Set down, exactly and with no pictures, the line that contains "och sånger ////" and all lines after it in the listing.

::: Data provided

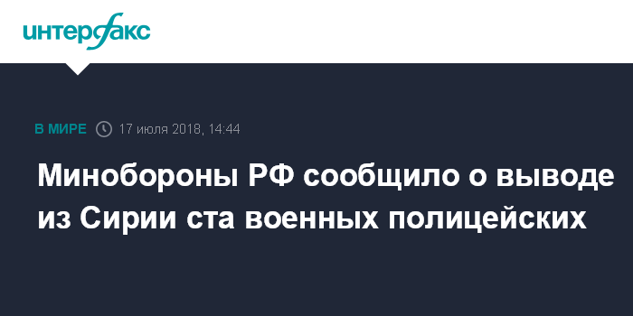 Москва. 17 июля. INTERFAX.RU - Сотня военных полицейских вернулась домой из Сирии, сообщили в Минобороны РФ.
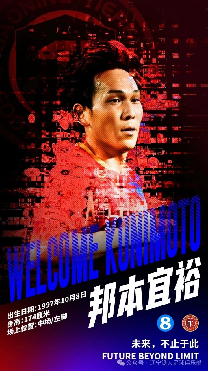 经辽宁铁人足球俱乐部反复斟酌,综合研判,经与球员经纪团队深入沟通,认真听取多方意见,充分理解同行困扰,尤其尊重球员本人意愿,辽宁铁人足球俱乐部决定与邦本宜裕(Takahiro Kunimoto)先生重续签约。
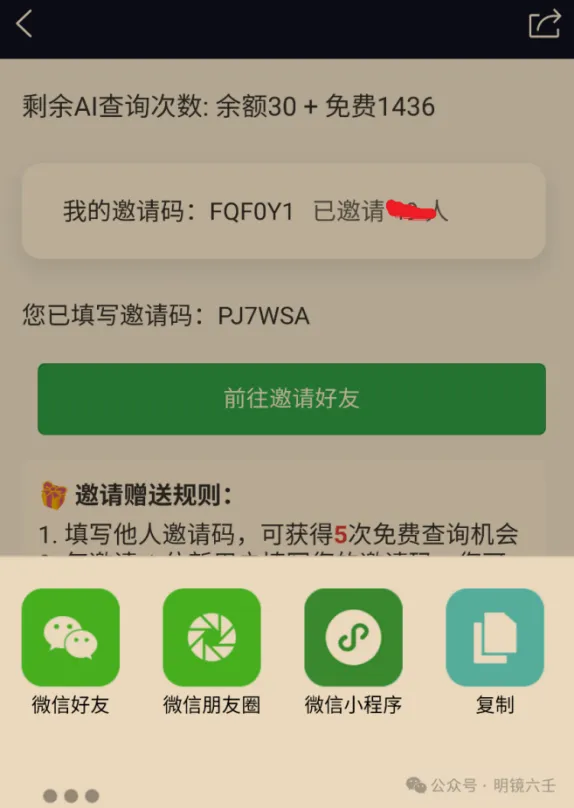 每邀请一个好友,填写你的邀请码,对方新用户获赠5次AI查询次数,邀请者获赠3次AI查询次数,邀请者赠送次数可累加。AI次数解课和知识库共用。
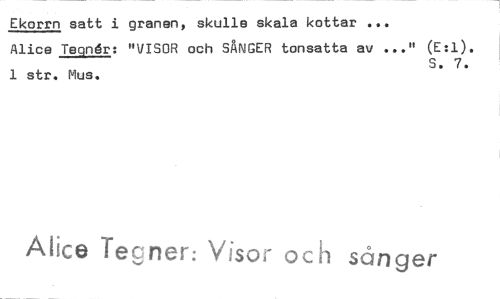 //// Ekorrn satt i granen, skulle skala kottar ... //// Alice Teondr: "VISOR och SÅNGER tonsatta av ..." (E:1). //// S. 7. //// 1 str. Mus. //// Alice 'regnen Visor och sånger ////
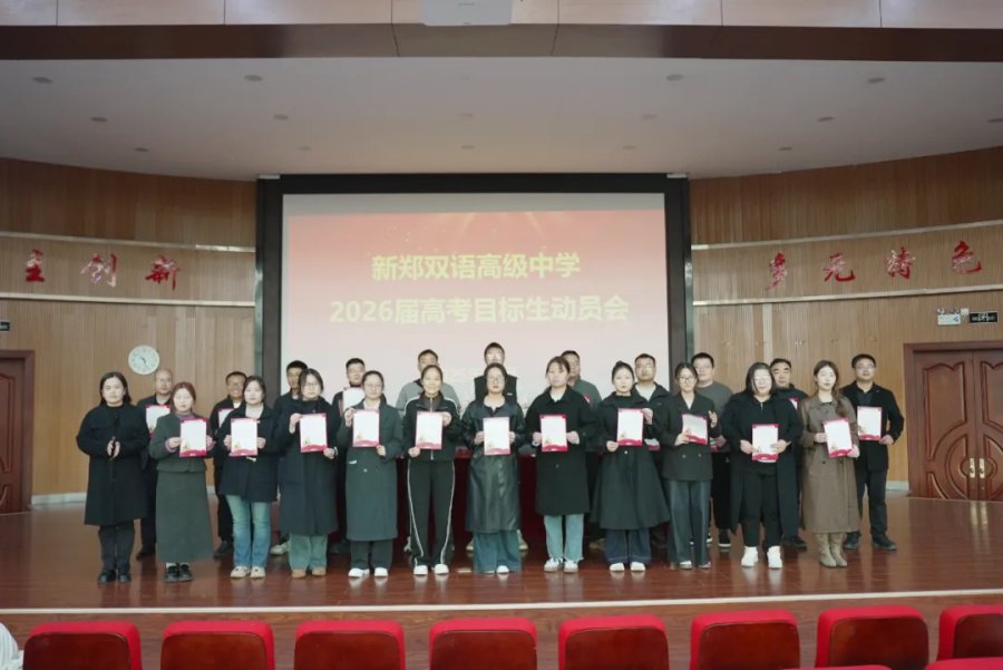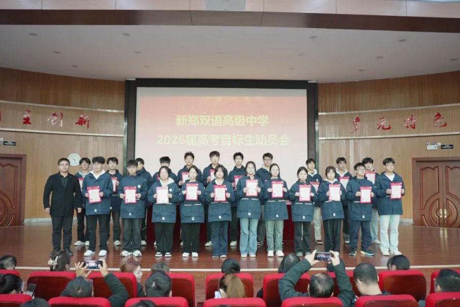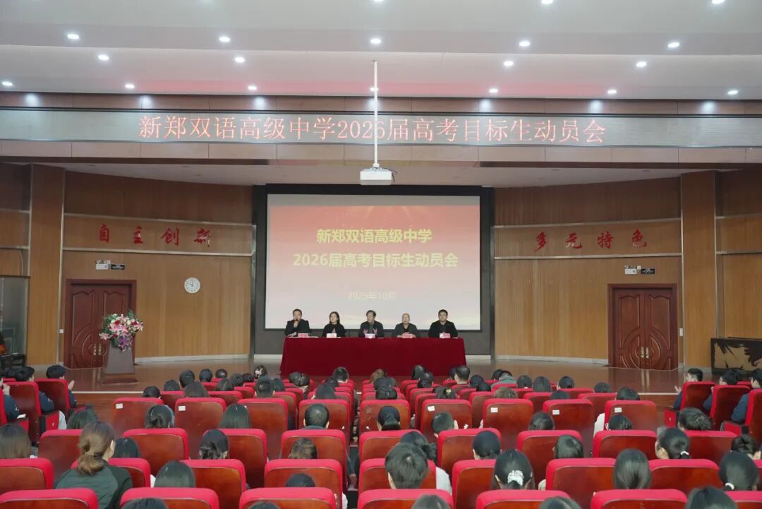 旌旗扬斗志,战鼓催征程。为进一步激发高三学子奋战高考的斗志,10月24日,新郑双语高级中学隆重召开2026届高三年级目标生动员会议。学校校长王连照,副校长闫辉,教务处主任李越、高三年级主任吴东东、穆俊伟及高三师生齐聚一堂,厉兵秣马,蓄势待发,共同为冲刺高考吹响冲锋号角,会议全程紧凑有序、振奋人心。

::::::

# Solution below
 //// Ekorrn satt i granen, skulle skala kottar ... //// Alice Teondr: "VISOR och SÅNGER tonsatta av ..." (E:1). //// S. 7. //// 1 str. Mus. //// Alice 'regnen Visor och sånger ////
 旌旗扬斗志,战鼓催征程。为进一步激发高三学子奋战高考的斗志,10月24日,新郑双语高级中学隆重召开2026届高三年级目标生动员会议。学校校长王连照,副校长闫辉,教务处主任李越、高三年级主任吴东东、穆俊伟及高三师生齐聚一堂,厉兵秣马,蓄势待发,共同为冲刺高考吹响冲锋号角,会议全程紧凑有序、振奋人心。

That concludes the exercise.